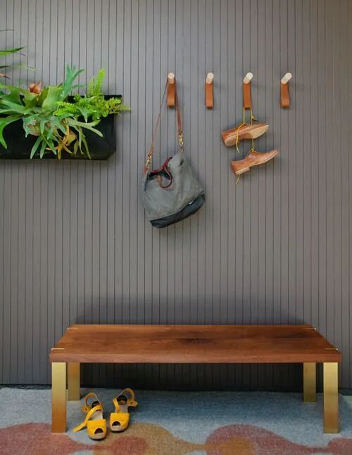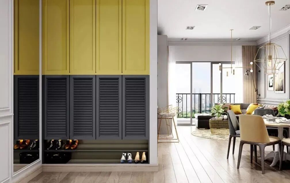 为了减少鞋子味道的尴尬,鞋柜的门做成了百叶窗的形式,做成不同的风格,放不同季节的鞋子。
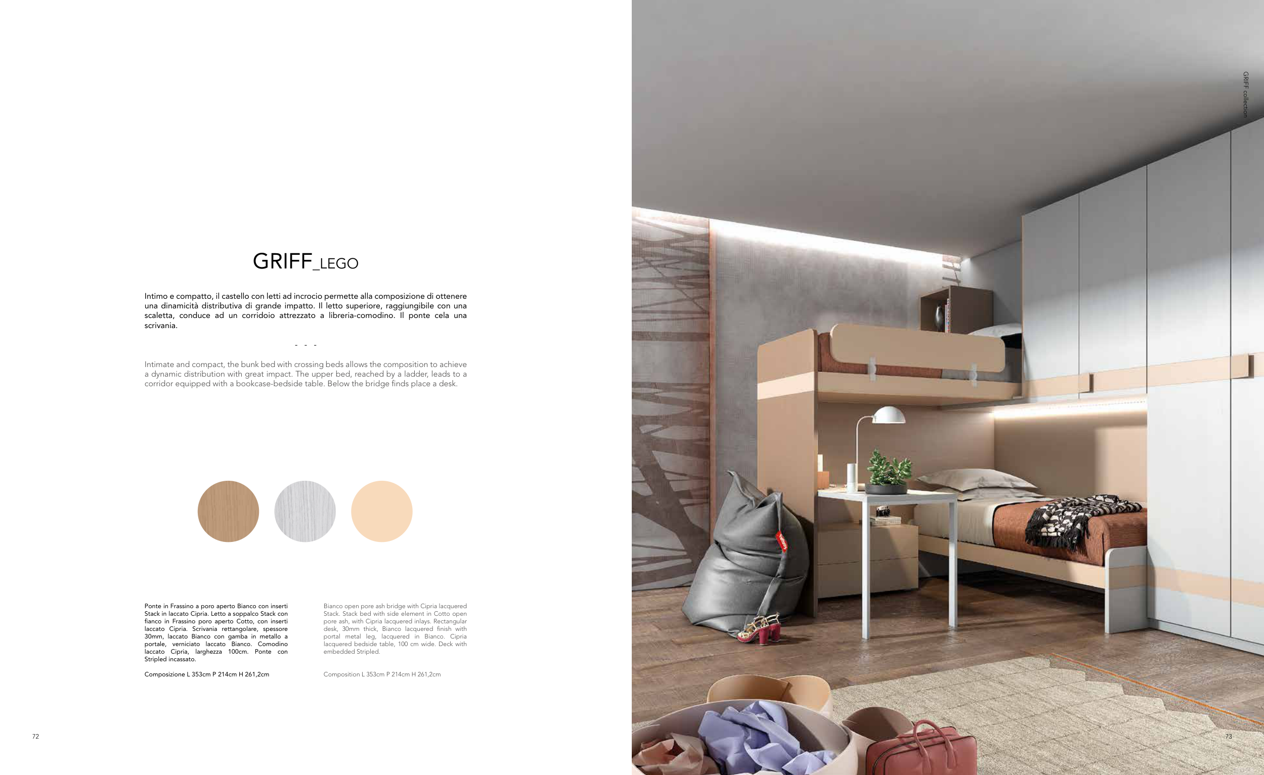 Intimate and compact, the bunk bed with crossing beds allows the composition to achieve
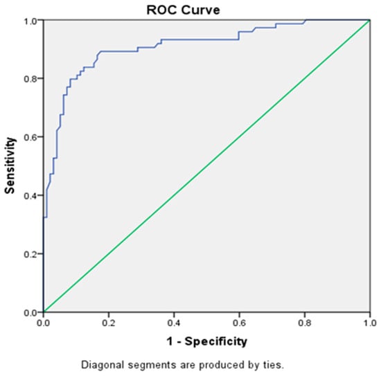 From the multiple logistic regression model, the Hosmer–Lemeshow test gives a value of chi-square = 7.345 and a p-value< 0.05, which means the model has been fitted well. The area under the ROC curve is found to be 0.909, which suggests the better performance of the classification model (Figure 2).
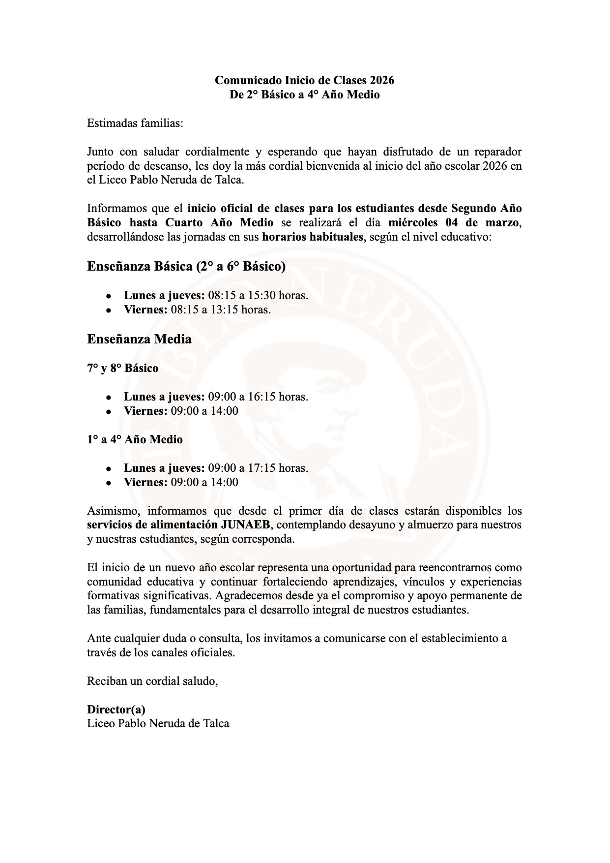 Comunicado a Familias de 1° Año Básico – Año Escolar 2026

§ **Your task**: Make an exact copy of the listing, with no images in it.

§ **Written solution**:
 为了减少鞋子味道的尴尬,鞋柜的门做成了百叶窗的形式,做成不同的风格,放不同季节的鞋子。
 Intimate and compact, the bunk bed with crossing beds allows the composition to achieve
 From the multiple logistic regression model, the Hosmer–Lemeshow test gives a value of chi-square = 7.345 and a p-value< 0.05, which means the model has been fitted well. The area under the ROC curve is found to be 0.909, which suggests the better performance of the classification model (Figure 2).
 Comunicado a Familias de 1° Año Básico – Año Escolar 2026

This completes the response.